The discrete fracture network calculated for the eventset was then filled with proppant according to the actual treatment schedule using a simple mass balance approach that honored the evolution of microseismic events over time. Based on the number of fractures, their geometry and their orientation in space, the permeability enhancement in the reservoir and its distribution in a geocellular model were calculated.

This process produces three different zones within the monitored area that are then imported into a reservoir simulator:

1. The unstimulated background reservoir with matrix permeability;

2. An unpropped portion of the stimulated reservoir volume that will lose most of its initially created conductivity with pressure depletion; and

3. The propped part of the discrete fracture network that follows a different permeability-pressure dependency and will provide substantially better long-term conductivity (productive stimulated reservoir volume).

Using well logs, pressure-volume temperature and core data as well as other available offset well data, a reservoir model was created to forecast production for the study wells. This estimate was made at the time of completion without production data to provide an immediate and robust understanding of wellbore productivity and evaluate the effectiveness of completion and treatment designs.

Figure 2 shows the cumulative production over time obtained from the initial model compared to actual production data. Microseismic-based reservoir simulation correctly predicted the order of producers at any point in time and predicted 30-month cumulative production within 16% to 22%. These results were used for early vertical wellbore spacing considerations since the model will show pressure depletion over time and wellbore interference with reasonable accuracy.

FIGURE 2. A microseismic-based cumulative oil forecast is shown for study wells at the time of completion predicting correct order of producers. Data for the Lower Spraberry well are shown in green, data for the Middle Spraberry well are shown in blue and data for the Wolfcamp A well are shown in orange. Model predictions are shown as solid lines, and actual production data are shown as spheres. (Source: MicroSeismic Inc.)

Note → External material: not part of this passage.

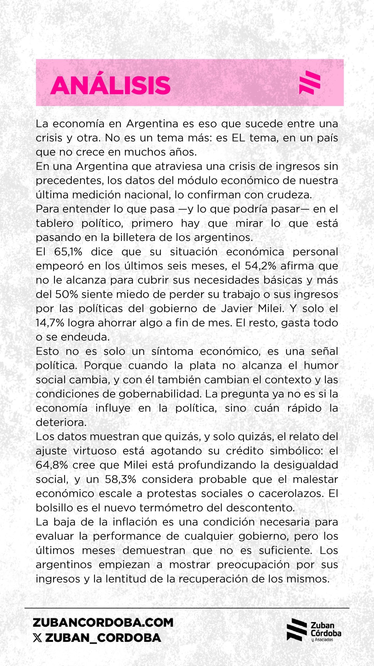 28/07/2025.- Página/12.- Foto portada: Encuesta de Zuban Córdoba. «El bolsillo es el nuevo termómetro del descontento». Imagen: Gentileza Zuban Córdoba.

Figure 3 shows a refined and history- matched model using historic rate and pressure data for a more calibrated model. The initial prediction accuracy was improved by 8% to 10% using 90-day production data, making the model a solid base for refinement of operator-internal reservoir models that test “what if” scenarios for other parts of the asset with different reservoir properties.

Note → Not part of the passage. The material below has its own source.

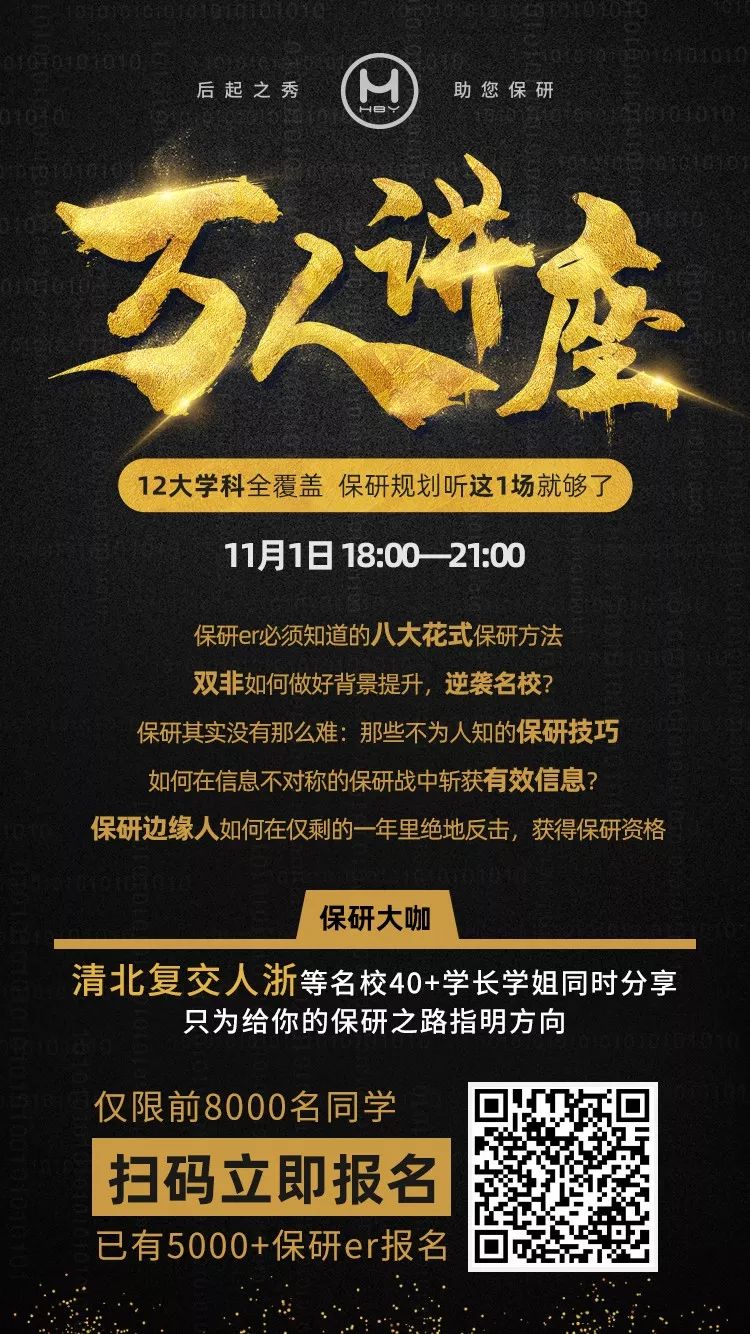 保研是一场艰辛的旅行,如果你选择了保研这条路,请一定要坚信自己!亲爱的保研er们,无论这条路怎样荆棘遍野,无论最终是否结果理想,后保君都会一直在你们身后,默默给予你们帮助。同时,后保研携手清北复交人浙等40+学长学姐的《保研规划——万人讲座》将于11月1日18:00准时开讲!等你来约呦~

FIGURE 3. A microseismic-based cumulative oil forecast is shown for study wells using 90-day rate and pressure data for history match. Data for the Lower Spraberry well are shown in green, data for the Middle Spraberry well are shown in blue and data for the Wolfcamp A well are shown in orange. Model predictions are shown as solid lines, and actual production data are shown as spheres. (Source: MicroSeismic Inc.)

The quality of the prediction illustrates the information contained within the microseismic data that was extracted by integrating it with other available data. Given the nonuniqueness of rate transient analysis and traditional reservoir models that lack microseismic data, it is important to observe how the reservoir actually responds to hydraulic fracturing and the location and nature of rock failure.

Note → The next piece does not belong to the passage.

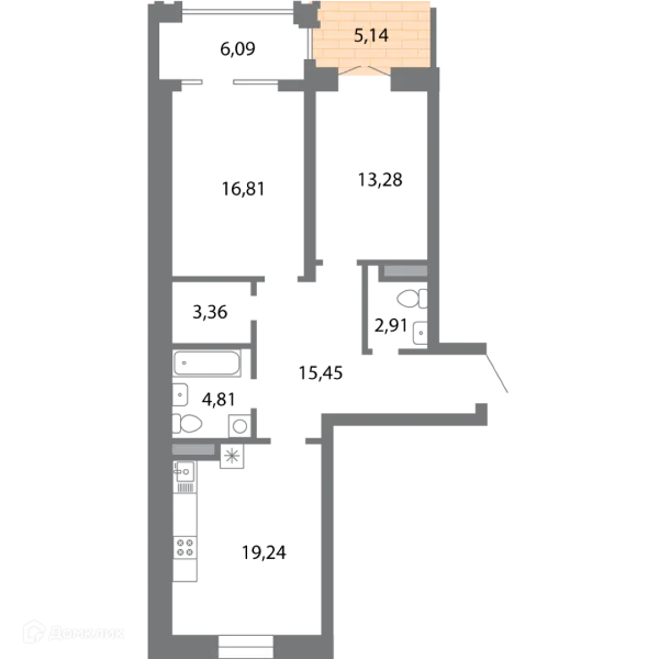 2 комн. квартира в Рязани в ипотеку от 90 873 руб/месяц

The workflow illustrated above shows how this operator used microseismic monitoring to improve its understanding of the subsurface and satisfied both the scientific aspect of its shale development and the need to turn data into actionable results to drive meaningful economic decisions.

In this case it was demonstrated that a reservoir model incorporating microseismic-derived permeability enhancement predicts production and in turn pressure depletion and wellbore interference with reasonable accuracy to inform vertical wellbore spacing and ultimately determine the number of wells that can be drilled per section.